Cette solution serait éloquente et simple : simpliste, tout au moins. Serait-elle toujours légitime ? Serait-elle
absolument efficace ? Appliquée à d'autres domaines de l'activité humaine, n'entraînerait-elle pas des conséquences dont
il est difficile de mesurer la portée ? C'est à la conscience de chacun qu'il appartient dé résoudre ces questions
angoissantes. L'esprit de l'homme est impuissant à décider par avance de la direction qu'il imprimera à sa propre
activité. Il est l'objet, nous devons le croire, de vocations diverses : « Il y a diversité de dons — il y a diversité de
ministères... » L'important est que l'esprit qui se manifeste dans chacun, agisse pour l'utilité commune. — Je sais un
artiste qui, il y a trente ans environ, s'est déclaré prêt, après une lutte intérieure violente, à renoncer à sa carrière et à
demander une place parmi les collaborateurs de Laforce, si Dieu lui montrait clairement que telle était sa volonté. Il s'est
relevé de ce combat intérieur, raffermi dans sa vocation. Qu'est-ce à dire, sinon, peut-être, que l'Art a son rôle à jouer
dans l'exécution du plan divin, qui est la réinstauration, dans le monde corrompu, de l'éternelle Beauté ?

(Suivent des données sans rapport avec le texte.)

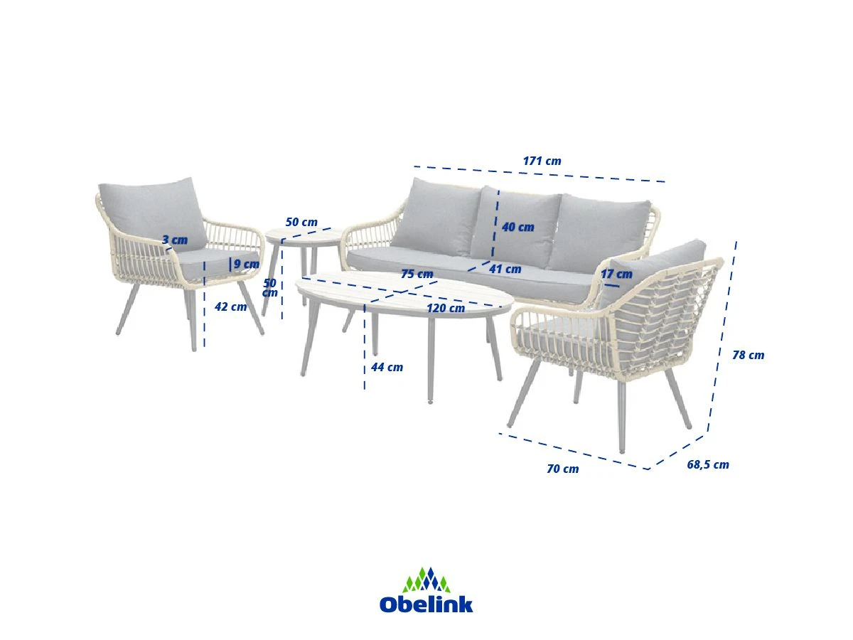 De bank heeft een afmeting van 171 x 68 x 78 cm, de stoelen hebben een afmeting van 68 x 68,5 x 78 cm, de bijzettafel heeft een afmeting van Ø 50 x 48 cm en de tafel heeft een afmeting van 120 x 75 x 45 cm.

Et n'est-ce pas à cette tâche qu'ont travaillé, inconsciemment souvent, et sous la poussée intérieure d'une
vocation irrésistible, les artistes de tous les temps ?
Envisagé à ce point de vue, l'art revêt une dignité singulière. Il apparaît à la fois comme témoin et comme
agent, dans la grande cause où se débattent les intérêts éternels de l'humanité.

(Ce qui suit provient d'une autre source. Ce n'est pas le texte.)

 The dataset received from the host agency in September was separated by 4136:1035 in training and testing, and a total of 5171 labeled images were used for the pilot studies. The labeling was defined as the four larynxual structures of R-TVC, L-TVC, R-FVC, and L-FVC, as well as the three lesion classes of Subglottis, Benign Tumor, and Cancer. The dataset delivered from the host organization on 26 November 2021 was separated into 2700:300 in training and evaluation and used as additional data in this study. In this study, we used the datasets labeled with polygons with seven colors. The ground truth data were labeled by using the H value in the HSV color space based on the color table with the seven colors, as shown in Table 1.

Et d'ailleurs, n'est-il pas permis de relever ici le fait que l'art a exercé dans l'histoire du Christianisme une
action directement religieuse, c'est-à-dire, puisque le dernier mot de l'Évangile c'est l'amour, une action charitable ?
Les fresques et les retables qui attirent à Florence, à Sienne, à Rome, les pèlerins de l'art, avant d'être l'objet de
l'admiration raisonnée des connaisseurs, ont été la Bible du peuple tout uniment. Ils ont révélé aux fidèles sous une
forme tour à tour naïve et éblouissante les réalités de la vie future, et, par cela même, leur ont versé la consolation et
l'espoir. Ils ont raconté la vie de Jésus. Ils l'ont montré guérissant les malades. Ils l'ont évoqué dans ses souffrances
rédemptrices. Ils ont peint, avec une éloquence poignante souvent, le Christ en croix.

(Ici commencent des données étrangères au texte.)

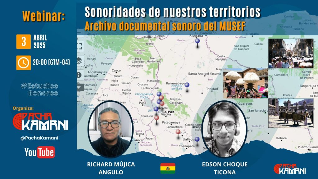 Desde el Colectivo PachaKamani, continuamos con la serie de charlas virtuales del ciclo Estudios Sonoros, y te invitamos a participar del 5to webinar titulado «Sonoridades de nuestros territorios. Archivo documental sonoro del MUSEF», en el que se presentará un acercamiento reflexivo y crítico al extenso fondo sonoro del Museo Nacional de Etnografía y Folklore (MUSEF), […]

Assurément, parmi les prédicateurs du pinceau, beaucoup étaient des êtres profanes, préoccupés uniquement
d'exercer leur art d'une façon avantageuse et conformément aux exigences de la cliente intarissable qu'était l'Eglise.
Leur œuvre, si elle est, au point de vue artistique pur, intéressante et souvent importante, porte la peine de ce défaut
d'inspiration authentique. Elle est, spirituellement parlant, vide et inefficace.
Mais il y a eu, parmi ceux qu'on nomme les Primitifs, comme il y a eu d'ailleurs aussi parmi les imagiers
anonymes du. moyen âge, des artistes authentiquement chrétiens, qui ont mis au service de leur foi des dons sanctifiés,
c'est-à- dire dégagés, dans la mesure du possible, de tout élément vulgaire, infécond et charnel. Leur œuvre a été: pour
leurs contemporains, et elle est demeurée pour les siècles qui ont suivi, une source incomparable d'édification.
Beato Angelico, pour ne citer que le plus consacré des artistes, a accompli un ministère auprès duquel la
prédication la plus enflammée d'un Savonarole paraît sans portée durable.
Son propos était vraiment de glorifier son Maître et Sauveur et d'affermir la foi de ses frères :
« Qui fait les choses de Christ, avait-il coutume de dire, avec Christ doit se tenir toujours ».
« Il ne fit jamais un crucifix, écrit Vasari, qu'il ne baignât les joues de larmes ».
Le produit matériel de ses travaux allait tout entier à ses frères :
« Que ce ne soit pas ma gloire d'avoir égalé Apelle, mais d'avoir donné tous mes gains, Christ, à tes enfants ! »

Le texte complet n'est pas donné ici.